Эта загадки заставили меня полностью забыть о времени, как вдруг из-за стены, отделявшей мой кабинет от кухни, послышались знакомые звуки — приглушенные шаги, скрип половиц, перестук тарелок. Глянув на часы, я обнаружил, что время близится к шести утра. Доносившиеся из кухни звуки тем самым вполне объяснились, ибо я сразу же сделал вывод, что неустанная в своих заботах о близких Матушка уже поднялась и принялась за утренние свои хлопоты.
Вскочив на ноги, я выбежал из комнаты и ворвался в кухню, внезапностью своего появления вызвав у Матушки, которая как раз разжигала плиту, негромкий возглас изумления.
— Ох, Эдди! — выдохнула она, хватаясь рукой за пышный бюст. — Ты чуть не насмерть меня испугал! — Слегка отдышавшись, она добавила: — Давно ли ты проснулся?
— Вчерашние события повергли мою душу в такое смятение, — ответил я, — что — перефразируя слова Стратфордского Лебедя — благодатный сон не смыкал мне век и чувства в забытье не погружал.[76]
— Господи! — воскликнула она. — Выходит, ты совсем не спал сегодня? — Я признал, что мои слова можно истолковать в таком смысле. — Бедный мальчик! — продолжала она. — Ты, наверное, страшно устал. Садись за стол, и я сварю тебе славную чашечку чаю.
Подчинившись ее приказу, я опустился на привычное место, а добрая женщина тем временем поставила на растопленную плиту кастрюльку с водой и принялась расспрашивать о несчастье, приключившемся в музее.

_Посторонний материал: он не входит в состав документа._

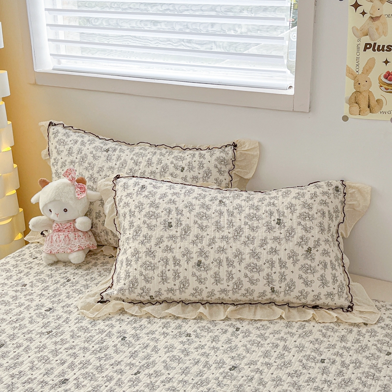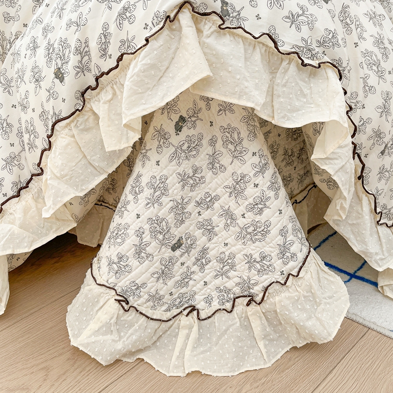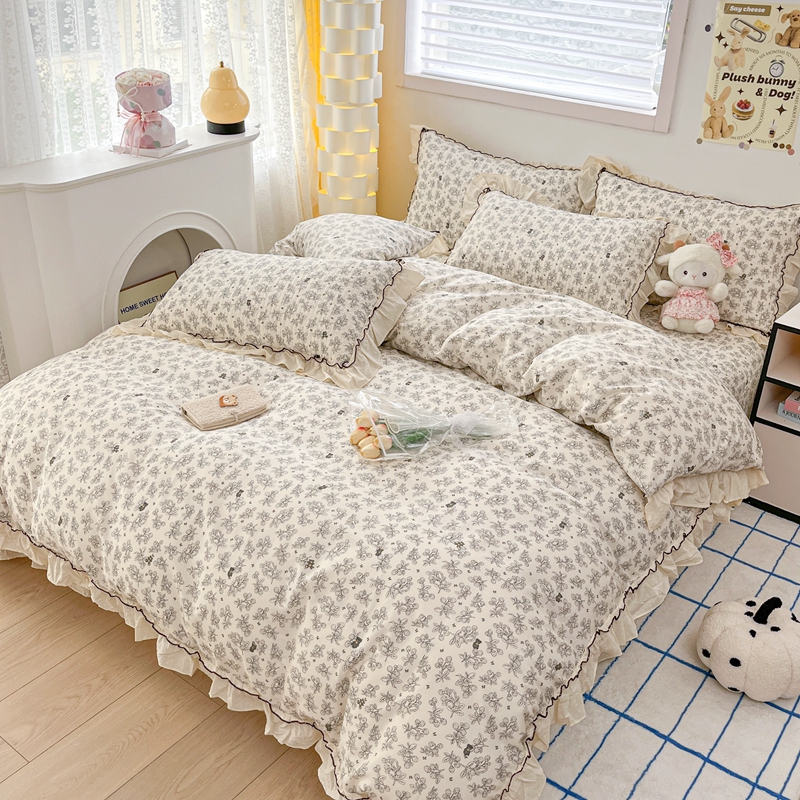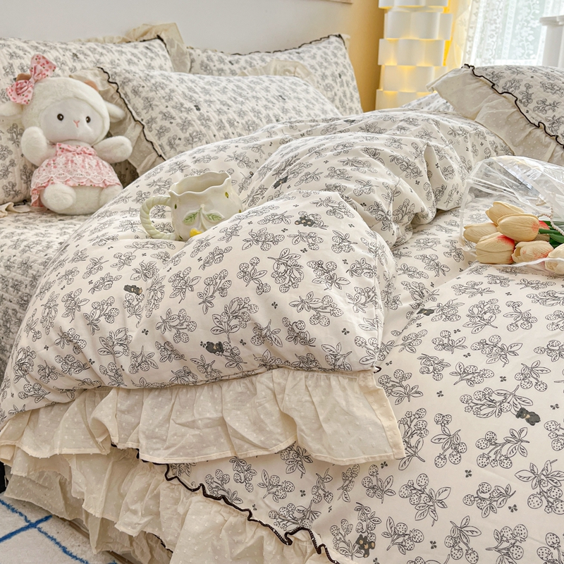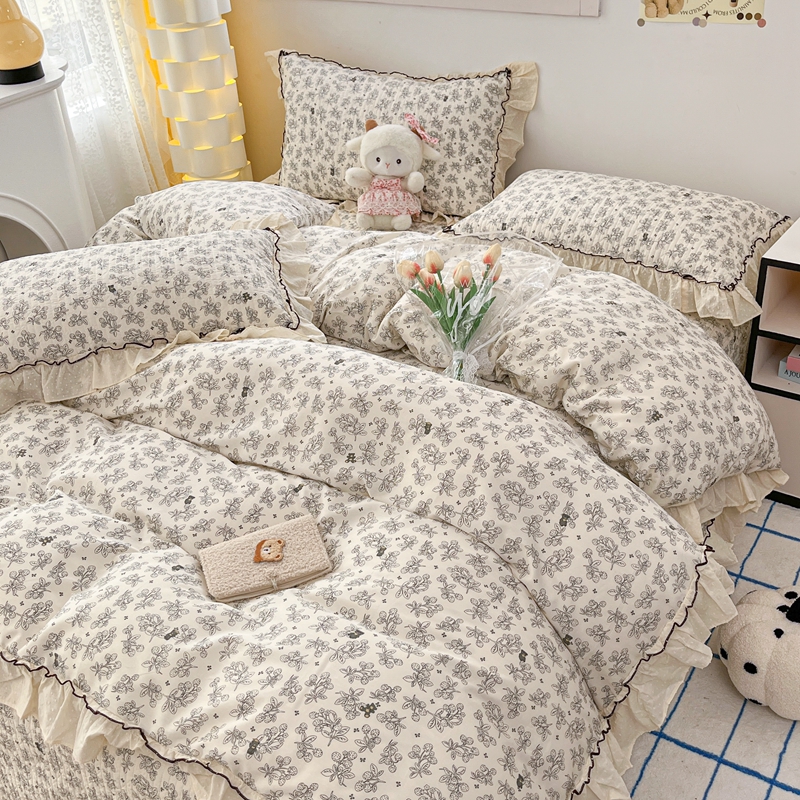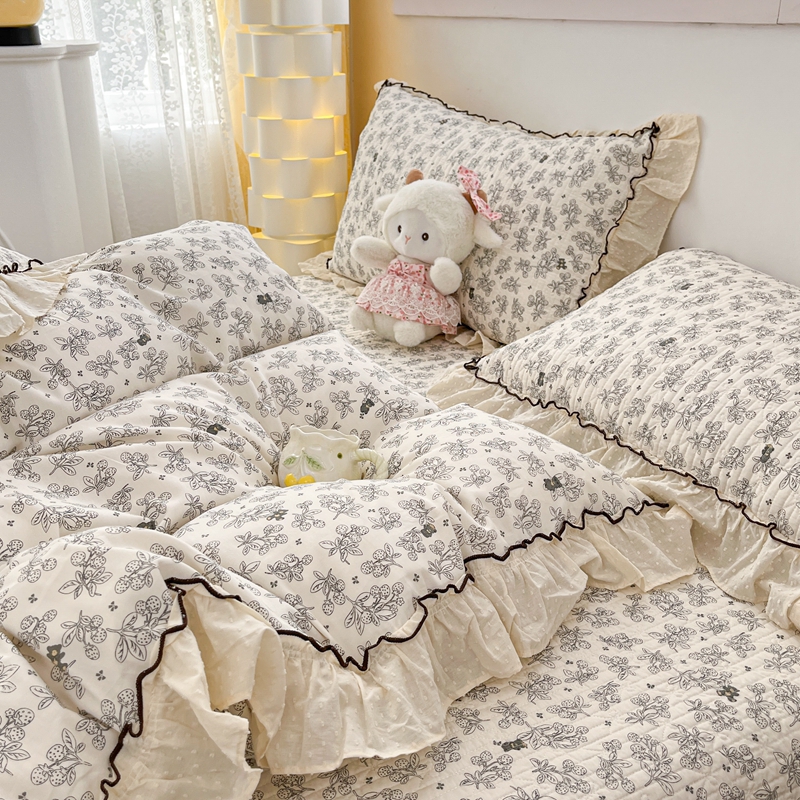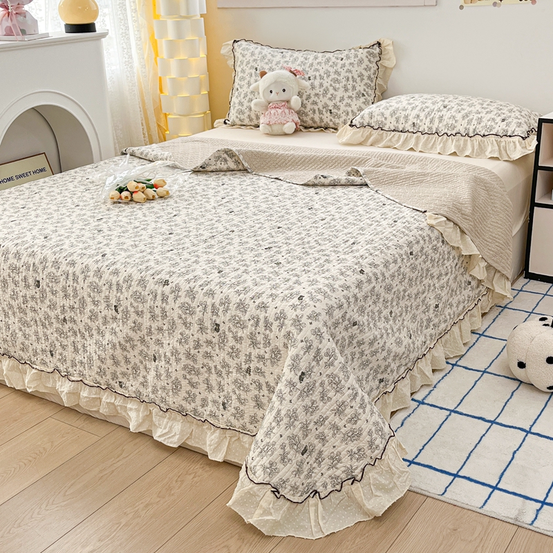 商品名称:暖居 2024新款韩系全棉高温砂洗棉花床盖被套四件套纯棉床盖三件套 月澜

— Там был убит человек, — подавленно отвечал я. — Убит столь изуверским способом, столь нечеловечески, что подробное изложение деталей наполнило бы вашу душу ужасом и отвращением.
— Какой кошмар! — вздохнула она. — Но тебе к чему вмешиваться в эти ужасные преступления?
— До сих пор тайна их остается неразгаданной, — сказал я, — но мои неустанные усилия позволили мне в конце концов обнаружить улику, которая, возможно, наведет нас на след.
— Что же это за улика, дорогой? — поинтересовалась тетя.
— Природа ее такова, что оценить ее смысл и значения я смогу только с вашей помощью.
— С моей помощью? — удивилась она.
— Да, — подтвердил я. — А теперь, дорогая Матушка, присоединяйтесь ко мне за столом, и я расспрошу вас о том человеке, о котором мы почти никогда не говорили. Я подразумеваю вашего старшего брата, отца, давно покинувшего меня — Дэвида По.
Мое заявление вызвало на простодушном лице Матушки гримасу неподдельного изумления.
— Да что тебе понадобилось знать о нем? — спросила она.
— Все, что вы сможете поведать мне об причинах, побудивших его презреть наиболее священные, первородные узы супружества и отцовской преданности и бросить на произвол судьбы юную супругу с младенцами!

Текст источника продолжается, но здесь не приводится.